RNA-seq libraries also contain a surprising number of errors attributable to the random hexamers used as primers when generating complementary DNA; about 90% of putative SNPs were actually due to hexamer mismatches, according to Li.

Researchers generally assume that the hexamer anneals perfectly, but in fact it sometimes doesn’t. The 3´ end is the most critical for annealing success, so mistakes rarely occur there, but the 5´ end can more readily tolerate mismatches, and these errors are copied into the resulting RNA-seq library. Li and his team corrected for this problem by computationally removing any SNPs found that matched the hexamer primers.

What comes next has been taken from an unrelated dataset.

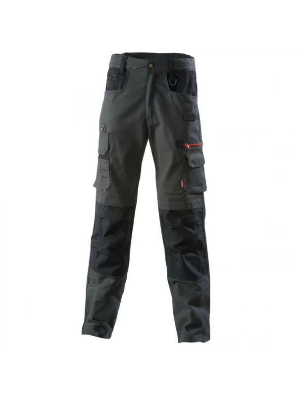Ceinture élastiquée côtés avec rehausse dos 2 poches cavalières, dont 1 avec poche monnaie Sangle porte-outils 1 poche cuisse à soufflets et à rabat fermé par velcro, avec poche mètre intégrée et surpoches 1 poche cuisse zippée à soufflets avec surpoches, dont 1 à rabat 1 poche revolver à rabat fermé par velcro Poches genoux en tissu renforcé, adaptées à la norme EN 14404 : 2 niveaux de réglage en hauteur, avec ouverture facile par le haut Fermeture par velcro Triangle d’aisance à l’entrejambe Renforts polyester haute résistance sur bas arrière du pantalon Patch WORK ATTITUDE à l’arrière.

The researchers applied their technique, described in the American Journal of Human Genetics (3), to RNA-seq data from a human lymphoblastic cell line whose genome is also sequenced. Of the SNPs they found, 99.1% were also identified by whole genome sequencing.

The new technique can find SNPs only in expressed genes, and it might disappoint in tissue-specific studies since tissues are heterogeneous and material that is available for sampling may not contain disease-related variants.

But Li believes the approach should be useful for researchers who conduct RNA-seq analyses for other purposes. Identifying SNPs “is kind of a free add-on feature,” he said.

For now, the approach offers another route for confirming SNPs found using whole genome or exome sequencing because the sample preparation is independent and could therefore identify any false SNPs due to systematic errors.

References

1. Ramaswami G, Lin W, Piskol R, Tan MH, Davis C, Li JB. Accurate identification of human Alu and non-Alu RNA editing sites. Nat Methods. 2012 Jun;9(6):579-81.

2. Ramaswami G, Zhang R, Piskol R, Keegan LP, Deng P, O'Connell MA, Li JB. Identifying RNA editing sites using RNA sequencing data alone. Nat Methods. 2013 Feb;10(2):128-32.

3. Piskol R,Ramaswami G, Li JB. Reliable Identification of Genomic Variants from RNA-Seq Data. 2013 AJHG 93(4): 641–651.